● **Task directions**
Among the lines below, restate word for word only those from the line with "- 【Handcrafted Design】: Porcelain" through the line with "Flygstationen i Östersund.", with both end lines kept.

● **Source records**
-*-*-
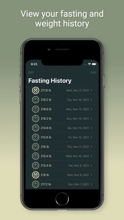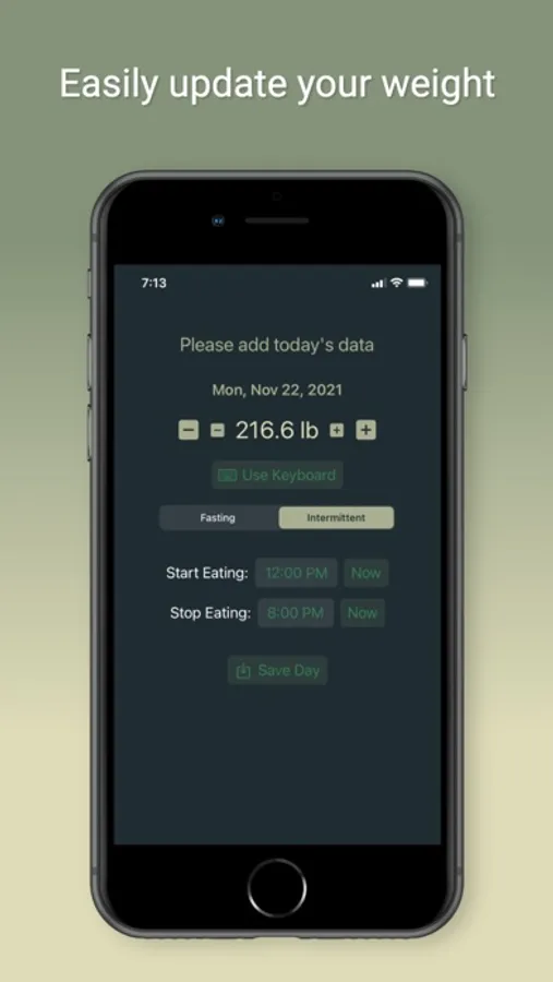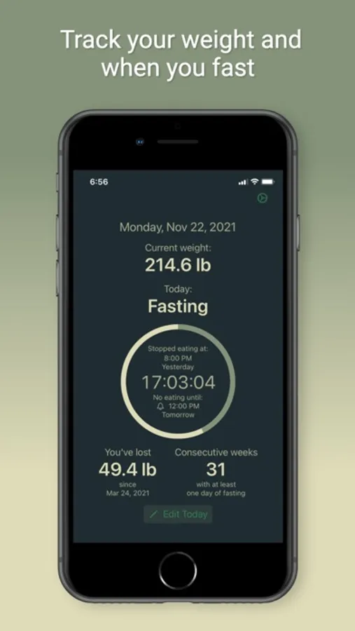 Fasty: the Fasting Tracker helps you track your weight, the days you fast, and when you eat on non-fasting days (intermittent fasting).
-*-*-
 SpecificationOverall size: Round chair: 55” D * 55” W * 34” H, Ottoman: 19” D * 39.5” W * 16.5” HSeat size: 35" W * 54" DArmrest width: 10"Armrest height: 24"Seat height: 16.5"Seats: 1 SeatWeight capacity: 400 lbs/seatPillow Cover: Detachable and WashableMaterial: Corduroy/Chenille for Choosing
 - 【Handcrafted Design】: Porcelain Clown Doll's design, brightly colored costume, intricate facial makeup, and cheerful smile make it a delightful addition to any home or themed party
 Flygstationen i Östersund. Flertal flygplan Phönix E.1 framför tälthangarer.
-*-*-
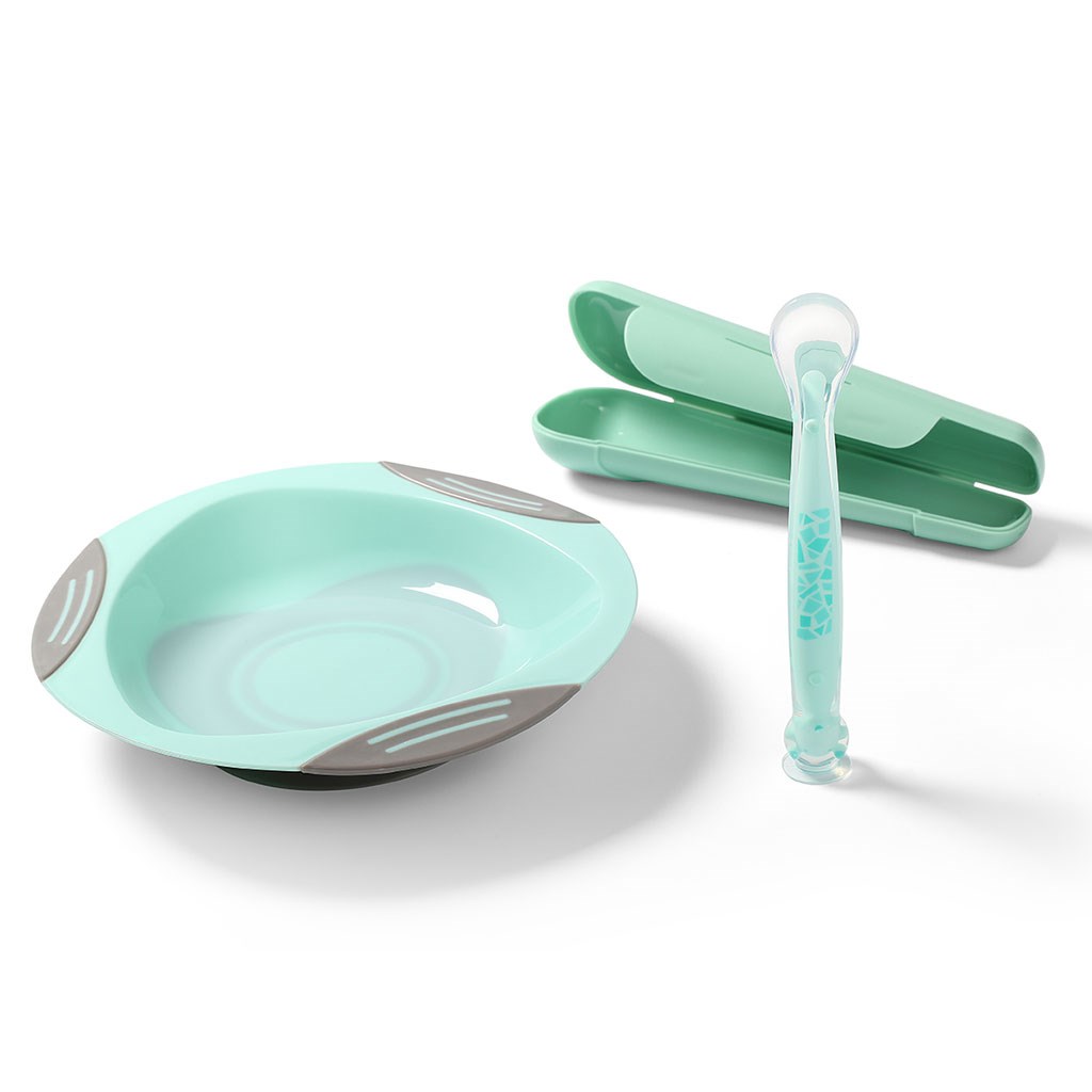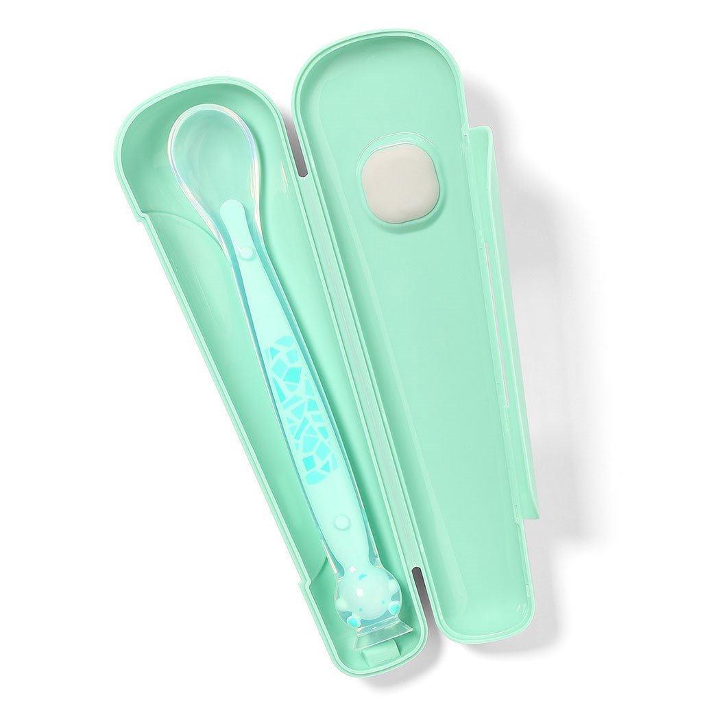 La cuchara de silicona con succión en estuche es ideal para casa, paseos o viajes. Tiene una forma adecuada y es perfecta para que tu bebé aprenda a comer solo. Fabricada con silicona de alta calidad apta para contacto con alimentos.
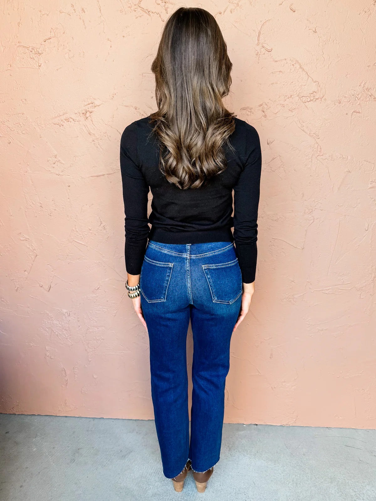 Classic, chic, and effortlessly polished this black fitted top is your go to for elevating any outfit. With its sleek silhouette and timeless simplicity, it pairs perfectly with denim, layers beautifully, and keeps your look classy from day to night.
-*-*-
● **Your solution**
 - 【Handcrafted Design】: Porcelain Clown Doll's design, brightly colored costume, intricate facial makeup, and cheerful smile make it a delightful addition to any home or themed party
 Flygstationen i Östersund. Flertal flygplan Phönix E.1 framför tälthangarer.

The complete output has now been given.